Es bleibt zurzeit festzustellen, dass es weder eine Zusage des Finanzsenators noch eine Zusage des Bundes gibt. Die Bundesfinanzierung wird vermutlich ohnehin, Herr Wohlers, allein durch den Umbau des Verkehrsknotenpunktes Berliner Tor überhaupt finanzierbar sein. Hamburgs Investitionsvorhaben werden auf viele Jahre im Bereich der Verkehrsprojekte gebunden sein. Der Senator hat eine Reihe von Themen zur Chefsache erklärt. Dadurch hat er den armen Staatsrat ganz aus dem Rennen geworfen, aber das nur nebenbei.

(Michael Neumann SPD: Er wird schon wissen, warum!)

Wir fragen uns, welche der Chefsachen von heute an auf den Sankt-Nimmerleins-Tag verschoben werden.

(Beifall bei der SPD und der GAL)

Die Ortsumgehung Finkenwerder etwa? Die S4 – haben wir gehört – hat es schon getroffen. Die U-Bahn-Anbindung produziert nicht nur hohe Investitionskosten, auch der Zeitfaktor bei der Planung einer neuen U-Bahn-Linie spricht eindeutig dagegen. Ganz außer Acht lässt diese Lösung auch die städtebauliche oder auch die touristische Komponente. Für Besucher dieser Stadt – auch zu Olympia – ist eine oberirdische Verbindung durch die städtebaulich interessante HafenCity von unschätzbarem Vorteil. Stattdessen gibt es eine Bahnhofslösung unter der HafenCity, die ungefähr mit der Qualität der Station Messehallen zu vergleichen ist. Die kennt ja der eine oder andere von uns, da gibt es immer Verfolgungsszenen auf diesem riesigen U-Bahnhof.

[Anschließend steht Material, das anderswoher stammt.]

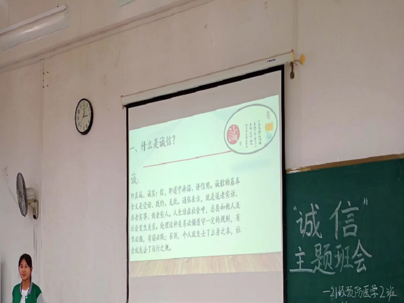2022年6月17日,2021级预防医学专业在Beat365中国唯一官方网站仙葫校区教学楼2-205教室开展“诚信考试”主题班会,该班会由团支书廖华宁主持。该班会意在让同学们明确“诚信”的含义,理解诚信对学生自身发展和为人处世的我重要意义;使同学们崇尚诚信,远离虚伪欺骗,把诚信作为同学之间、师生之间、家庭成员之间相处的基本原则;使同学重视学习,重视考试,懂得诚实守信必须从我做起,从现在做起,落实在日常的学习生活中。
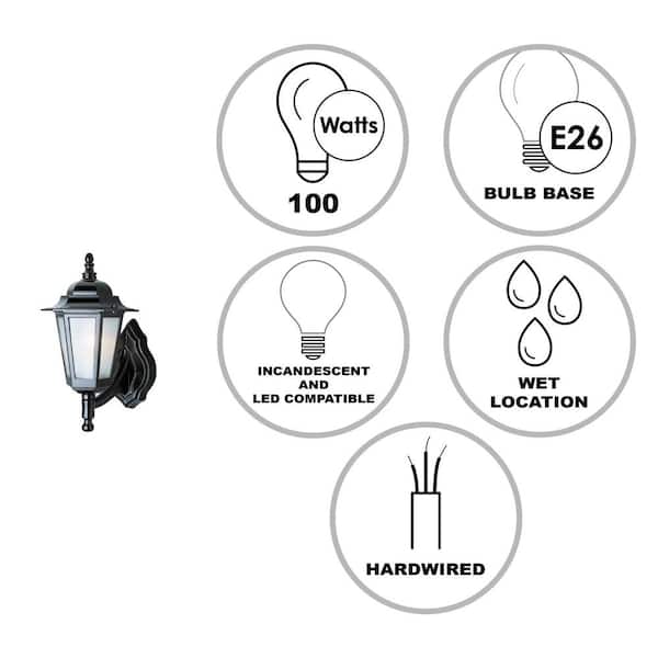 Alexander 1-Light Black Coach Outdoor Wall Light Fixture with Frosted Glass

(Dr. Wieland Schinnenburg FDP: Wer hat denn Messehallen gebaut?)

So tief müsste dort die U-Bahn-Verbindung verlaufen.

Ein paar Bemerkungen zur Stadtbahn. Stadtbahnen sind viel rentabler, auch in ihren Betriebskosten. Wie in diesem Zusammenhang die Einlassung des Senators von gestern zu verstehen ist, der im Bauausschuss gesagt hat, man

(Reiner Wohlers Partei Rechtsstaatlicher Offensive)

darf keine Entscheidung über ein Zukunftssystem fällen, wenn man sich nicht darüber im Klaren ist, wie die anfallenden Betriebskosten zu finanzieren sind.

(Krista Sager GAL: Sehr richtig!)

Über die Finanzierung würde ich in dem Zusammenhang gerne noch einmal etwas hören.

(Beifall bei der SPD und der GAL)

Aus Fußballersicht müsste man spätestens hier sagen, jetzt steht es eindeutig 3:0 zugunsten der Stadtbahn.

(Beifall bei der SPD und der GAL)

Leistungsfähige Stadtbahnen können überall in Deutschland, wenn man weiter reisen will, auch in Europa, vielleicht auch in Australien, angeguckt werden. Was insbesondere das Argument der FDP betrifft, hier handele es sich um eine Wiedereinführung einer Stadtbahn, der kann nach Paris fahren. Dort gibt es die Wiedereinführung der Stadtbahn und es ist ein gelungenes System,

(Ekkehard Rumpf FDP: Aber doch nur außen!)

das sicher kein Pariser wieder missen will. Aber man kann sich auch, wenn man nicht so weit reisen will, gerne in Straßburg oder auch in Köln umgucken. Für uns bleibt: Bausenator Mettbach versenkt aus ideologischen Gründen das Geld der Steuerzahler in die Elbe. – Danke.